Transcribe exactly the lines that fall between the one holding "The architecture at" and the one holding "本刊由江苏省教育厅主管,江苏", inclusive, from the entries below.

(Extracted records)
= = = = =
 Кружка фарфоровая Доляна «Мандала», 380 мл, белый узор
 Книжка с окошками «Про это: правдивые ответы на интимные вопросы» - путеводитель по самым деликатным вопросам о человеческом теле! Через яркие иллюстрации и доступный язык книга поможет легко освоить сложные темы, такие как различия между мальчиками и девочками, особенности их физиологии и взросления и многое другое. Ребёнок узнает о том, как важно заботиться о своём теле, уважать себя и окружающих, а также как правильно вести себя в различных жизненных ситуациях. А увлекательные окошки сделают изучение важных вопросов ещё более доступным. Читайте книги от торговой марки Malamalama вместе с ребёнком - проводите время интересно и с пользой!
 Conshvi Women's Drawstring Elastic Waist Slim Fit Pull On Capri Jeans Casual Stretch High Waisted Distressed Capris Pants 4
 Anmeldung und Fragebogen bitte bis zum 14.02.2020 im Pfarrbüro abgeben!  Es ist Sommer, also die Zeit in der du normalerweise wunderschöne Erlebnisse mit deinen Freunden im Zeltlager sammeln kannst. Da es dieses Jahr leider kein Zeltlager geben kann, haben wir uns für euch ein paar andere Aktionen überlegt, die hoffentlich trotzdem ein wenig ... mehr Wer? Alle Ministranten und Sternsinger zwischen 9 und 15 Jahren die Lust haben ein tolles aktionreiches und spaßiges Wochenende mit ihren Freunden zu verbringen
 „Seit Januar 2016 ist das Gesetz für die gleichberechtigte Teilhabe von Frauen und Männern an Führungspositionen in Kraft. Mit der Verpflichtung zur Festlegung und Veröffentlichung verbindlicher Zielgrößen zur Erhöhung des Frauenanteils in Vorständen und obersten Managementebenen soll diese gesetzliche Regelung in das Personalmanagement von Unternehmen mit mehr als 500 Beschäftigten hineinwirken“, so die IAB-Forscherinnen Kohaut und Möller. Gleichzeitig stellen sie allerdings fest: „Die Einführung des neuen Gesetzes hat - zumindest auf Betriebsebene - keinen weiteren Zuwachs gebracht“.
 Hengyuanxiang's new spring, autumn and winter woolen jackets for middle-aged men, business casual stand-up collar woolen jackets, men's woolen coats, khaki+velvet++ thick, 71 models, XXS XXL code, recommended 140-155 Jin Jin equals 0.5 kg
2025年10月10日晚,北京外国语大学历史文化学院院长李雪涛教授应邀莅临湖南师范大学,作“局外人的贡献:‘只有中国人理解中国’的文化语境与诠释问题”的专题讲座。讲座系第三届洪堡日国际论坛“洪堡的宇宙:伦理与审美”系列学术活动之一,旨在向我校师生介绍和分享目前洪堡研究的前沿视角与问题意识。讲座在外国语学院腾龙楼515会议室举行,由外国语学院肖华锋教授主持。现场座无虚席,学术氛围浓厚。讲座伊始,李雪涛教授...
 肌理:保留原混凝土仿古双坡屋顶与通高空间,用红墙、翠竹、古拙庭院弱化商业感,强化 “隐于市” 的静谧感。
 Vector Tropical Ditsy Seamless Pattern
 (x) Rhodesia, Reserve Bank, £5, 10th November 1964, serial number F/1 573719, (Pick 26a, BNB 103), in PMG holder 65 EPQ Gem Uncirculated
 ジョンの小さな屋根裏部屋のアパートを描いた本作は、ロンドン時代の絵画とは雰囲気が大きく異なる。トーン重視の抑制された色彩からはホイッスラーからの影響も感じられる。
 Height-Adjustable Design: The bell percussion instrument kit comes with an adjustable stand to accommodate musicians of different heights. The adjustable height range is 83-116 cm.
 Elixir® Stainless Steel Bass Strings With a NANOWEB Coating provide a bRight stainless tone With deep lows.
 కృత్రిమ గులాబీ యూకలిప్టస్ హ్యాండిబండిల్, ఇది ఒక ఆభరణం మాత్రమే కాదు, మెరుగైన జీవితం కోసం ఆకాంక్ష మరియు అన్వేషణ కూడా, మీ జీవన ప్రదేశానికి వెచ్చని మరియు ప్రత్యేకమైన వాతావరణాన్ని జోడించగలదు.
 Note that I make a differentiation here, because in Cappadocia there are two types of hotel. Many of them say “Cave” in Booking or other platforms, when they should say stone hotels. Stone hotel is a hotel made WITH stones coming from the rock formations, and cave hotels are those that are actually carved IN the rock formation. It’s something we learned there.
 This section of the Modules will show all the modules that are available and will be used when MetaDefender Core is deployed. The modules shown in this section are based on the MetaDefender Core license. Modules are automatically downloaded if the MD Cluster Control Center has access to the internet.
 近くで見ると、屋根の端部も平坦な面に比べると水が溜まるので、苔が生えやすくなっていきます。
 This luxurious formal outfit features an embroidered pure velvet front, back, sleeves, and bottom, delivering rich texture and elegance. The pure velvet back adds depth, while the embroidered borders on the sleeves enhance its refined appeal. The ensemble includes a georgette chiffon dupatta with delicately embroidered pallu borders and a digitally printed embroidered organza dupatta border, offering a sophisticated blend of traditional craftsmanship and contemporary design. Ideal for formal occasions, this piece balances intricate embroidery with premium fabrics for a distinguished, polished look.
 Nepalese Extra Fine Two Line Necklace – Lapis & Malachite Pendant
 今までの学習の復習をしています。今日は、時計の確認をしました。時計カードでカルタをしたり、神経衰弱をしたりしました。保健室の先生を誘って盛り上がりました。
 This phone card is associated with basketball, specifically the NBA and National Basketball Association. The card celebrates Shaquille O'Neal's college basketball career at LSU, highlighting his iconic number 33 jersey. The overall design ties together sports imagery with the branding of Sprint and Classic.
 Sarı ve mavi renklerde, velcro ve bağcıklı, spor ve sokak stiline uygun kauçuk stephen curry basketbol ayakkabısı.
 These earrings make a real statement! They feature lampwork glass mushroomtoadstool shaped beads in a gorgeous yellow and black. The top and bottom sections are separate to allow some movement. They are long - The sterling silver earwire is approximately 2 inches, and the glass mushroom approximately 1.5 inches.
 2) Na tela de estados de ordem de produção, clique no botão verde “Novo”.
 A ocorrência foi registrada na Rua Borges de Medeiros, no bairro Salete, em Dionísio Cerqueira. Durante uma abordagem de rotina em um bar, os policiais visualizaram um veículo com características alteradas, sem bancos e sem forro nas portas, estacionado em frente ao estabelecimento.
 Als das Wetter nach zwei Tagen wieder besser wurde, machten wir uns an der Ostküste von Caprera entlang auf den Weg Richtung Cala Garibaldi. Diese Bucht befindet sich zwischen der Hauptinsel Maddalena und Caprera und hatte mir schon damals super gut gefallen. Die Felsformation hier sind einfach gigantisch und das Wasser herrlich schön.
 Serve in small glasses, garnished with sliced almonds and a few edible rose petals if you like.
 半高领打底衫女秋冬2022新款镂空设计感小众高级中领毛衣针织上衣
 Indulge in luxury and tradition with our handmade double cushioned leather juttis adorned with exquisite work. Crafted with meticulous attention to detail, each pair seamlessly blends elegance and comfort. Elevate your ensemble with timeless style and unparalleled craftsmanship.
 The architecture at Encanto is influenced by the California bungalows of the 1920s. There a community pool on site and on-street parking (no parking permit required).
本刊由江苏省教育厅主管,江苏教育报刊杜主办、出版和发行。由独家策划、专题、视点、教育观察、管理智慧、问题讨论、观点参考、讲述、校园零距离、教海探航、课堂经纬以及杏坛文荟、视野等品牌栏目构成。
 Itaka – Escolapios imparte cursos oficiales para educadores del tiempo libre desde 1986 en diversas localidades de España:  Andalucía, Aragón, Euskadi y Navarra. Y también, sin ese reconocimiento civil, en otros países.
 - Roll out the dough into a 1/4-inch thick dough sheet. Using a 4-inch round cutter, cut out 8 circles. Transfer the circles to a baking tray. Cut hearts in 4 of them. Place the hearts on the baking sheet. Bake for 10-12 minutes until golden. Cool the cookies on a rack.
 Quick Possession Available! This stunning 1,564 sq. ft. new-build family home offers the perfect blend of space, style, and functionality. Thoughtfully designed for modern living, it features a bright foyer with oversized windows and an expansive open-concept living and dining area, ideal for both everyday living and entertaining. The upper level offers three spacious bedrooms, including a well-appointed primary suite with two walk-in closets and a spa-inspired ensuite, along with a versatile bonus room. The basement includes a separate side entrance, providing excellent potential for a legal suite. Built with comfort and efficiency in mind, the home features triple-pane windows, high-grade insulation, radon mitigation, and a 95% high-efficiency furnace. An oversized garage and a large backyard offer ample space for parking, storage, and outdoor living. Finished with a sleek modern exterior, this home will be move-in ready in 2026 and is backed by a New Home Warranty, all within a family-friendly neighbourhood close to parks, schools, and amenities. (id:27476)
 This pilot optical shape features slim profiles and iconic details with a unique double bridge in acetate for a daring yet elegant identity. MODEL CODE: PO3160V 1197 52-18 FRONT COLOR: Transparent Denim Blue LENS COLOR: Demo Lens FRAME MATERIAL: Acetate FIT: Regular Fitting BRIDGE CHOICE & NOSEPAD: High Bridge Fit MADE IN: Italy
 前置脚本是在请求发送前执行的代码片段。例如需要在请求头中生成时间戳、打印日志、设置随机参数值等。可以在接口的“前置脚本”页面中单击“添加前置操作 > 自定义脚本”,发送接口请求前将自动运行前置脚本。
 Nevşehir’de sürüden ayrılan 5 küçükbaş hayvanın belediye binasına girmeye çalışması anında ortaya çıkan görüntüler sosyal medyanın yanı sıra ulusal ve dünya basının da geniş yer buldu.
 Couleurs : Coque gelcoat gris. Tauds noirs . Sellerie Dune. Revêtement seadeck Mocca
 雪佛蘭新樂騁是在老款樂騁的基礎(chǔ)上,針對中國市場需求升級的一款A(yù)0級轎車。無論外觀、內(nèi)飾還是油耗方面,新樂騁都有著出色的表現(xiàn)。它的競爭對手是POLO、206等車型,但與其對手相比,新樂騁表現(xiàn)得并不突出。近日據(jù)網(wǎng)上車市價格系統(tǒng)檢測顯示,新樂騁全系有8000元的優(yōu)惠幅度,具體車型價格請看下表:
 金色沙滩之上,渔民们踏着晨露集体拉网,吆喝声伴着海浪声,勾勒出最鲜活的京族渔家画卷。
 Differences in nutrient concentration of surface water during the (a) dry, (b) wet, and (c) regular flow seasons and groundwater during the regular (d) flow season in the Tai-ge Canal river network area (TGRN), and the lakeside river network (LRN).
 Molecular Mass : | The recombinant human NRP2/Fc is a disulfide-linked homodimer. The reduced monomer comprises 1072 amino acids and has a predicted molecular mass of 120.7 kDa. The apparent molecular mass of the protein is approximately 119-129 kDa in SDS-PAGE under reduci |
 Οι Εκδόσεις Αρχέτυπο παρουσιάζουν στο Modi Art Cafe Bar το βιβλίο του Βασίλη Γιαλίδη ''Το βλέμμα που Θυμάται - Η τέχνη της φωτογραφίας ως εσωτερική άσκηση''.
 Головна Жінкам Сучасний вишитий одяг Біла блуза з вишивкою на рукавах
= = = = =
• Written solution
 The architecture at Encanto is influenced by the California bungalows of the 1920s. There a community pool on site and on-street parking (no parking permit required).
本刊由江苏省教育厅主管,江苏教育报刊杜主办、出版和发行。由独家策划、专题、视点、教育观察、管理智慧、问题讨论、观点参考、讲述、校园零距离、教海探航、课堂经纬以及杏坛文荟、视野等品牌栏目构成。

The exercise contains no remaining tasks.